3.2.2.2. Case 1: #depend in the Consumer but not in the Module

m.c++m:

export module m;

#include <embed>

void xyz() {
  std::embed("foo.bin"); // (1)
}

export void abc() {
  xyz();
}

main.c++:

import m;

#include <embed>

#depend "foo.bin"

int main() {
  std::embed("foo.bin"); // (2)
  abc();
}

Under the design of this paper, (1) is ill-formed but (2) is legal. #depends are still private and do not flow upwards. Even if -- somehow -- the #depend was placed before the import m;, it would not "leak" that information into importing modules. It also cannot do this even if the export keyword was added and main.c++ looked like this:

main.c++:

import m;

#include <embed>

#depend export "foo.bin"

int main() {
  std::embed("foo.bin"); // (2)
  abc();
}

(1) is still ill-formed and (2) is still legal.
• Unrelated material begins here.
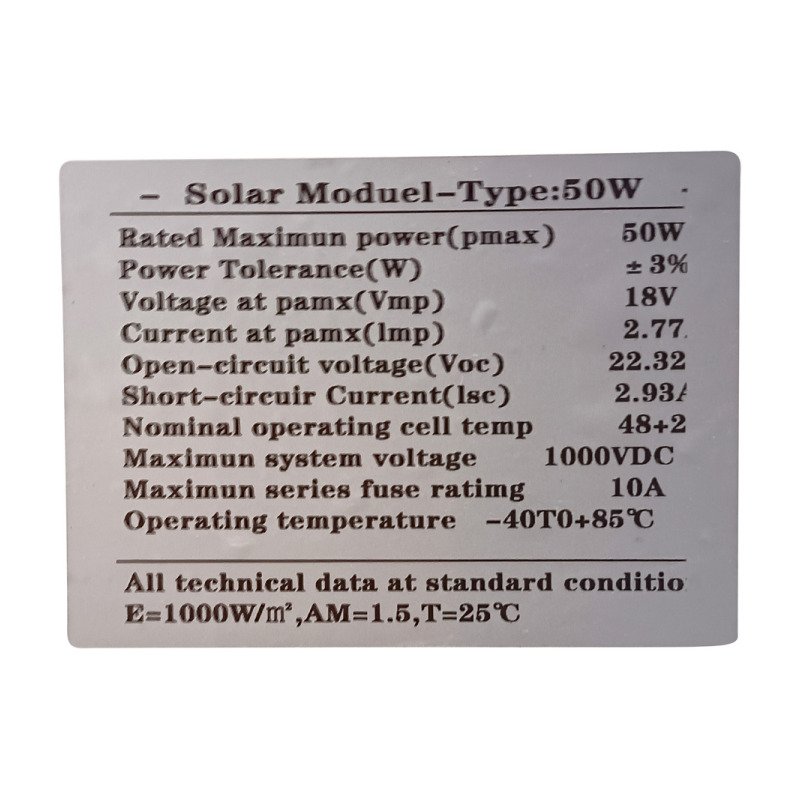 El panel solar monocristalino de 50W y 12V es una excelente opción para quienes buscan soluciones energéticas sostenibles y eficientes. Con celdas de alta calidad, este panel ofrece una potencia máxima de 50W, lo que lo convierte en una fuente confiable de energía solar para diversos dispositivos y aplicaciones.

3.2.2.3. Case 2: #depend in the Module but not in the Consumer

m.c++m:

export module m;

#include <embed>

#depend export "foo.bin"

void xyz() {
  std::embed("foo.bin"); // (1)
}

export void abc() {
  xyz();
}

main.c++:

import m;

#include <embed>

int main() {
  std::embed("foo.bin"); // (2)
  abc();
}

Both (1) and (2) are well-formed here. The export on the #depend directive means that the module exports that specific dependency pattern to its modules consumers. This makes the std::embed calls in both locations legal and safe to perform. A modification of "foo.bin" would trigger a reconsideration of inputs in the module and any of its consumers.
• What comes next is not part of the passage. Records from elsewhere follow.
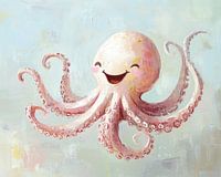 Blije Octopus - Op dit dieren schilderij zie je een vrolijke octopus met blije gezichtsuitdrukking en schitterende tentakels die op een speelse manier zijn afgebeeld, waardoor het een levendig en positief gevoel oproept.
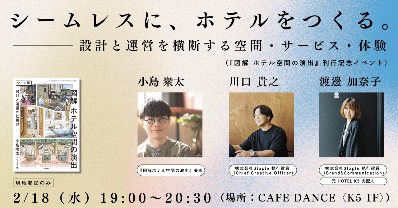 設計デザイン・開発を担当する川口貴之さん、元HOTEL K5支配人として開業から運営の現場に携った後、現在はブランド・コミュニケーション領域を担当する渡邊加奈子さんをお招きし、著者の小島衆太(KOJA)さんと共に「シームレスにホテルをつくること」について語り合います。
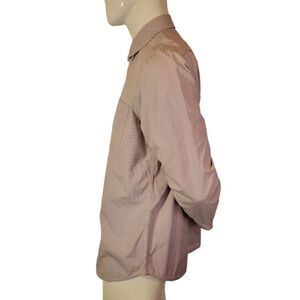 White and light purple colors, striped pattern, collared, long sleeves, cuffed, button down, regular fit, lightweight, breathable and very comfortable. Great condition!
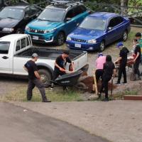 En el lugar, realizamos el diseño y rellenamos con tierra para postriormente sembrar las plantas.

3.2.3. What About Templates?

The answers if both abc and xyz were templated with template <typename T> would not change the answers to these questions, even if the inputs to std::embed were to be dependent types/values that relied on the template parameters. The reason for this is very simple: dependency information flowing backwards into the templates of a module would result in templates that could easily violate ODR rules by behaving differently based on where it was instantiated in a downstream template. Therefore, to end up in a situation that is not like __COUNTER__ or similar problems, that case should remain banned. That is:

m.c++m:

export module m;

#include <embed>

template <typename T>
void xyz() {
  std::embed("foo.bin"); // (1)
}

template <typename T>
export void abc() {
  xyz<T>();
}

main.c++:

import m;

#include <embed>

#depend "foo.bin"

int main() {
  std::embed("foo.bin"); // (2)
  abc<T>();
}

(1) is still ill-formed here while (2) is legal, just like in the original non-templated code. This is imperative to avoid needing to "inject" information from downstream input dependencies into upstream consumers. This is to preserve the integrity of modular boundaries and module ownership and to prevent #depend statements from having information from consumers "flow up" into modules and poison them in a way that could result in many different problems, such as ODR traps or template substitutions failures that only happen some of the time. Determinism is an important quality of the system.

4. Proposed Changes to the Standard

No wording is being provided just yet as we need to wait for [p1040] to get closer to proper review. We do list the feature test macro and the intent, just so individuals reading this paper understand what we want. The intent is relative to the latest [p1040] draft and the latest C++ working draft.

4.1. Intent

The intent of the upcoming wording is to:

• enable a #depend to accumulate dependencies for a translation unit if it is not immediately followed by the keyword export;

• enable a #depend to accumulate dependences that are propagated to other modules if it is immediately followed by the keyword export.

4.2. Proposed Feature Test Macro

The proposed feature test macro for this is __cpp_pp_depend_export.

4.3. Proposed Wording

NOTE: The wording will not exist until a decision is rendered by EWG.

5. Acknowledgements

Thanks to Wyatt Childers, Michael Spencer, and Hana Dusíková for guiding this direction with their important feedback on [p1040].